Stories for the language services were stamped with their name ‘Thai’, ‘German’ ‘Hausa,’ rolled up, fastened with an elastic band, placed in a glass tube and fired through a series of Lamson Tubes – a pneumatic delivery service stretching across the building. They were delivered to a place in the Centre Block called ‘the Outpost’ where they were collected by translators. The frequent blockages of the tube were as serious and damaging as a computer crash today. (Someone once fired a lot of hard-boiled eggs up there, which wasn’t helpful.)

It was altogether a very male-dominated atmosphere and very few of the women there were journalists. On my first day, I was sitting quietly in what was called ‘the pool’ when one of the fiercer Duty Editors flung himself into a seat next to me, shouted “Snap!” and started to dictate. I think it was something to do with the Vietnam War.

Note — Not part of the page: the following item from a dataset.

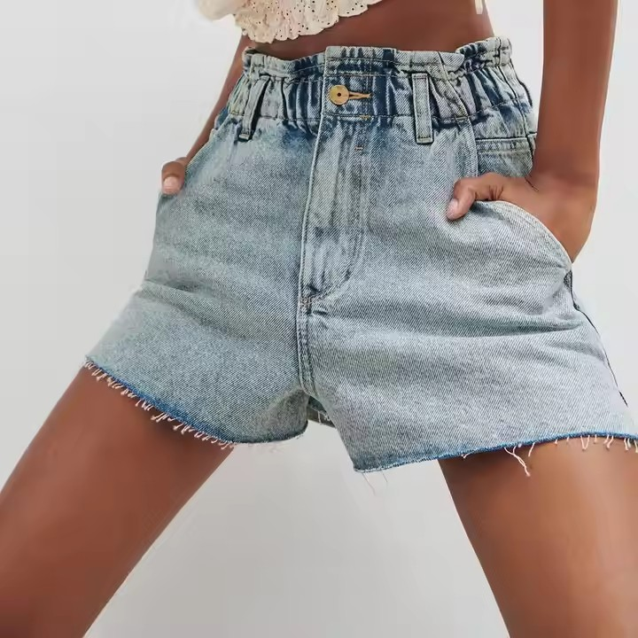 ถุงกระดาษลำลองสำหรับผู้หญิงกางเกงขาสั้นผ้ายีนส์ระบายอากาศได้ดีทำจากฟอยล์แข็งเคลือบโลโก้ใหม่ฤดูร้อน

Not being familiar with the routine I began to type in a fumbling way, until he yelled, “What is the matter with you?”

“Sorry,” I said, “but I’m not a typist.”

“No, you certainly are not!” he barked, flinging away to find someone who could actually take dictation.

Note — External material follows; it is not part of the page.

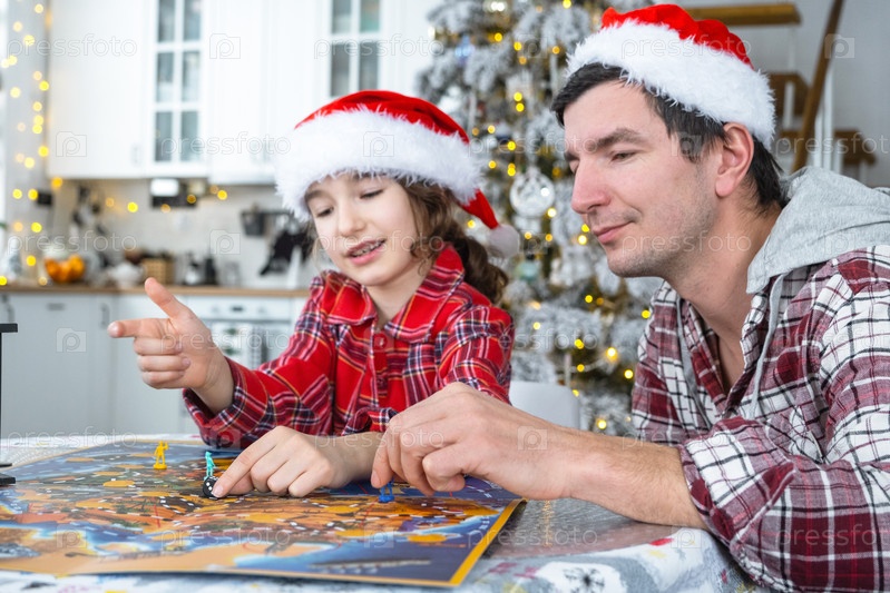 Счастливая семья папы и дочери в праздничных шляпах Санта играет в настольную игру за столом на белой кухне с елкой и декором. Новый год, семейные ценности

It wasn’t all perfect. Dictation could usually be relied upon to pick up verbal errors but it didn’t stop the notorious ‘Seventy-six dissident Soviet physicists’ getting on air. When new technology arrived in the shape of computers we went on working in our scruffy old newsroom, while upstairs, shiny new VDUs and carpeted pillars awaited us. After negotiations with the unions, we moved upstairs. But such was the unease with the introduction of new technology that for a few years we lived in a strange limbo where journalists dictated to typists sitting at computers.

Gradually, cuts and economies caught up with us and the support staff disappeared. Eventually there were no voices raised in dictation, and no clacking of typewriter keys. Cigarettes had gone, alcohol was banned. As someone said, the newsroom had become like a slightly scruffy insurance office.

What we lost was that magical ability to hear what a story would sound like on air, to have a second pair of ears listen even before the second pair of eyes read the draft. But, what we gained was autonomy - the ability to write on our own, to think things through.

Sally-Anne Thomas is a former newsroom editor at BBC World Service and BBC Alumni member.